Adding Columns, Filtering Data, and Axes Manipulation

You can add computed columns and conditionally filter rows just as you would with vanilla Pandas. In principle when plotting you can just set legend=True in your call to plot(); this is fine for quick-and-dirty plotting but you’ll almost certainly want full control or the legend/colorbar at some point.

If you want, you can follow the docs and leverage mpl_toolkits to do from mpl_toolkits.axes_grid1 import make_axes_locatable and create a colorbar that way.
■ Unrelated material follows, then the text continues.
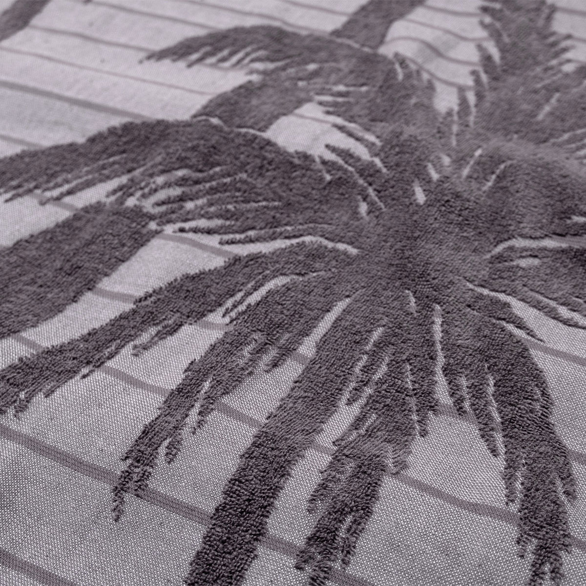 Πετσέτα θαλάσσης - παρεό σε γκρι αποχρώσεις με tropical σχέδιο από την εταιρεία Anna Riska. Είναι κατασκευασμένη από 100% βαμβάκι με την μία πλευρά του να είναι υφασμάτινη ενώ η άλλη πλευρά είναι πετσετέ που την καθιστά ιδιαίτερα απορροφητική. Είτε τυλιχτείτε είτε τη στρώσετε στην ξαπλώστρα σας, θα είναι απαραίτητη στις διακοπές σας και θα τραβήξει όλα τα μάτια πάνω σας.

You can also explicitly handle the colorbar like I show below, but note that you do have to do some “manual” stuff like creating the ScalarMappable dependency:

fig, ax = plt.subplots(figsize=(30,18))
gdf_gdp = gdf.copy()
gdf_gdp = gdf_gdp[(gdf_gdp.pop_est>0) & (gdf_gdp.name!="Antarctica")]
gdf_gdp["gdp_per_cap"] = gdf.gdp_md_est / gdf.pop_est
gdf_gdp.plot(ax=ax, column="gdp_per_cap")

# add a colorbar
cax = fig.add_axes([
    ax.get_position().x1+0.01,
    ax.get_position().y0,
    0.02,
    ax.get_position().y1-ax.get_position().y0
])
sm = plt.cm.ScalarMappable(
    cmap=matplotlib.colormaps.get_cmap("viridis"),
    norm=matplotlib.colors.Normalize(
        gdf_gdp["gdp_per_cap"].min(),
        gdf_gdp["gdp_per_cap"].max()
    )
)
fig.colorbar(sm, cax=cax)

# font tweaks
for item in ax.get_xticklabels() + ax.get_yticklabels():
    item.set_fontsize(40)
for item in cax.get_yticklabels():
    item.set_fontsize(40)

# output
fig.savefig("out.jpeg", bbox_inches="tight")

For now, this should be enough to get you rolling. The hard part is done; the rest is just finding a neat data set and referencing the geopandas docs. Until next time!